Geog/Biol/NRES/AnSci/CrpSci 468

Fall 2010

 

Bruce Hannon, MC-150, bhannon@illinois.edu, (217) 333-0348

 

What is the goal of the course?

Just as universities have striven for centuries to teach us first how to become literate and later, numerate, this aim of this course is to teach you how to become "ecolate" or "system thinking"....how to develop the skill to state a dynamic problem, to deduce from this statement an interesting question, to answer that question skillfully, and finally to ask, "In what ways is this picture incomplete?"

 

What can you learn in the course?

We all have mental models of the way the world works but the truly effective of such models are for surviving, for short term phenomena, such a crossing a busy street or ducking a flying rock.
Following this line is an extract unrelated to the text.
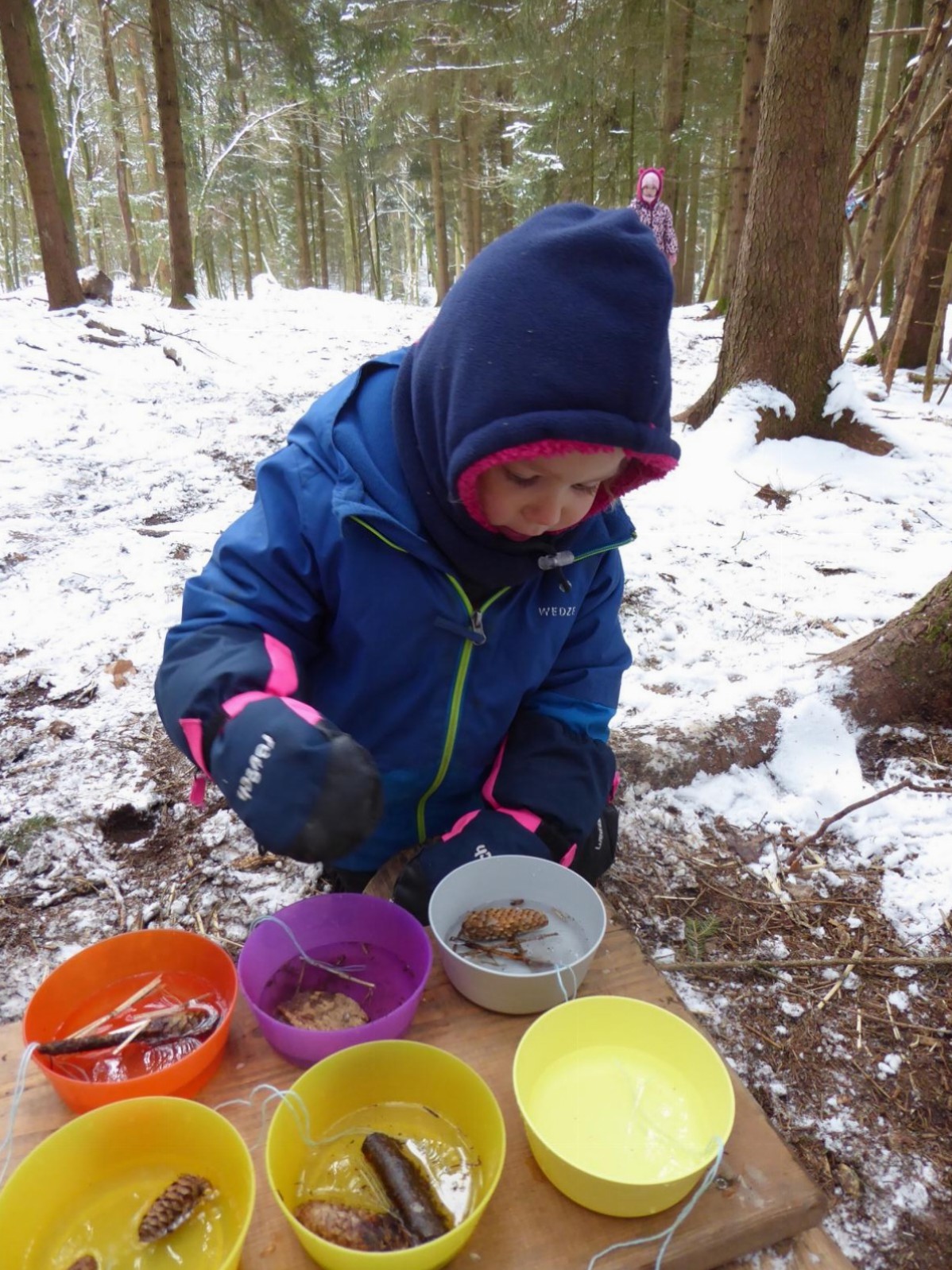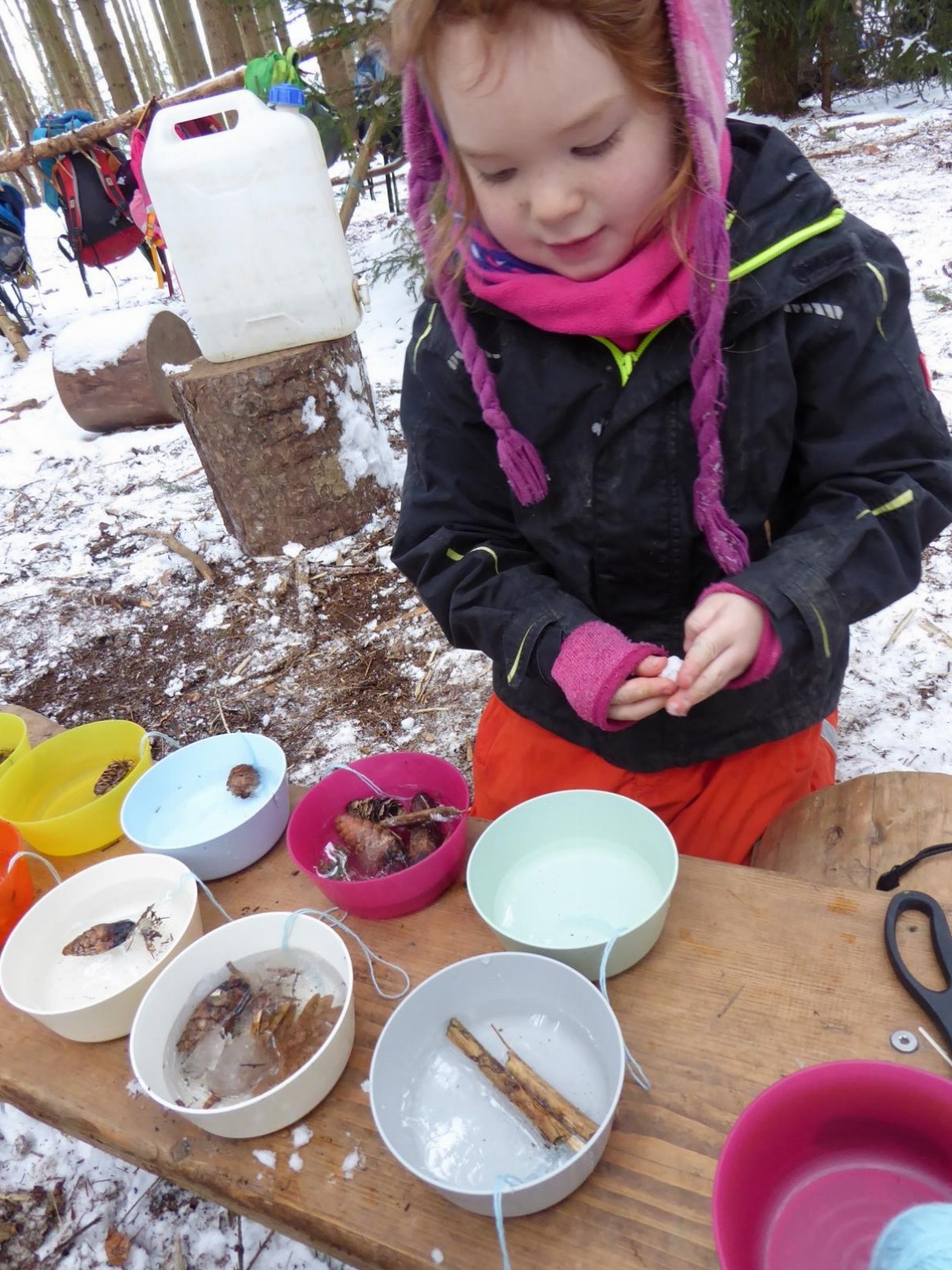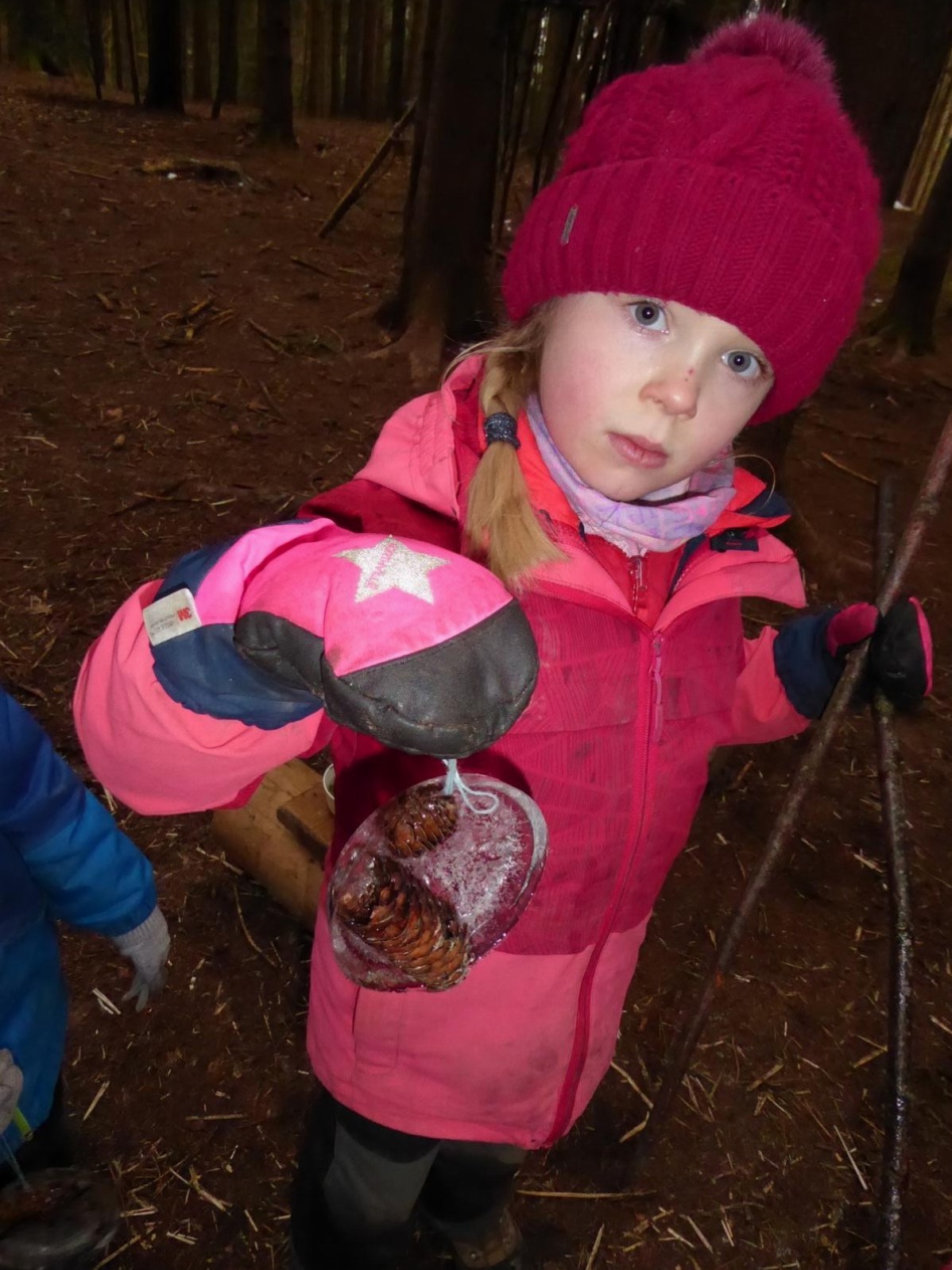 Schüsserl wurden mit Wasser gefüllt, Zapfen, Rindenstückchen und andere Waldschätze hineingelegt und noch ein Wollfaden angebracht. Schließlich wollten man die Eiskunst ja auch aufhängen. Und dann hieß es geduldig warten. Gleich nach der Ankunft im Wald schauten die Kinder täglich nach – „Wieder nicht gefroren“! – hieß es ein um’s andere Mal. Doch schließlich hat es doch noch geklappt und die nächtlichen Minusgrade hatten kleine Eiskunstwerke gezaubert.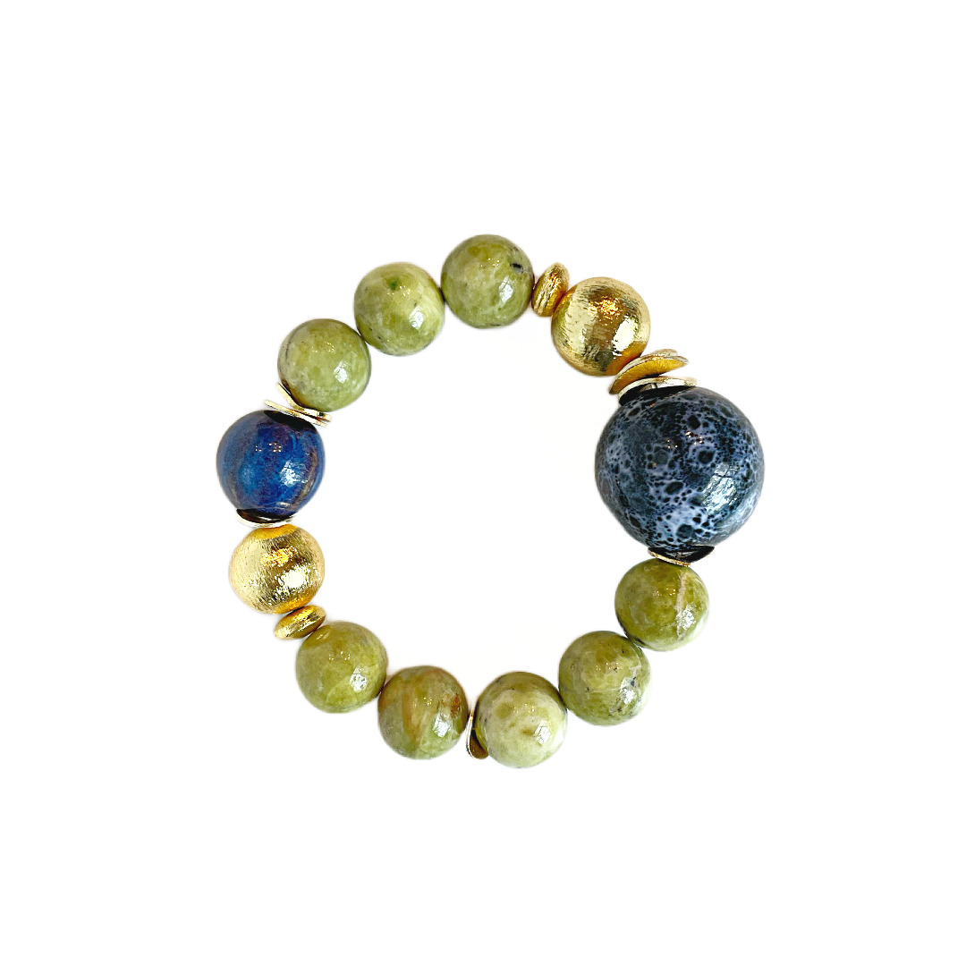 Blue signature bead with olive-green Jasper combined with gold-brushed beads and spacers.

When there are time delays before the appearance of the effects of a certain action, when there are random events affecting the dynamics, when both positive and negative feedback loops are present and when the problem is so complex that it requires the knowledge of several people working together, our mental models need help. Just as the microscope and the telescope are aids to the eye, the dynamic modeling computer process is an aide to the mind.

 

I want you to learn to think about dynamic issues systemically. In this course those issues are biological in nature--from models of the heart to models of ecosystems--you need to understand how the process of dynamic modeling works. The course is a tension between teaching you the methods of dynamic modeling (without reference to complex programming or high level math) and the need for exposure to many different modeling problems. To be an effective modeler, you must both master technique and acquire a library of solution types. With knowledge of the solutions to many different kinds of problems, you will have an experience base that allows you to form analogies to new problems based on the solutions to familiar problems--one of the truest forms of creativity. I encourage your contributions and creativity in suggesting possible solutions to the questions I pose in the course.

 

What is the value of what you could learn here?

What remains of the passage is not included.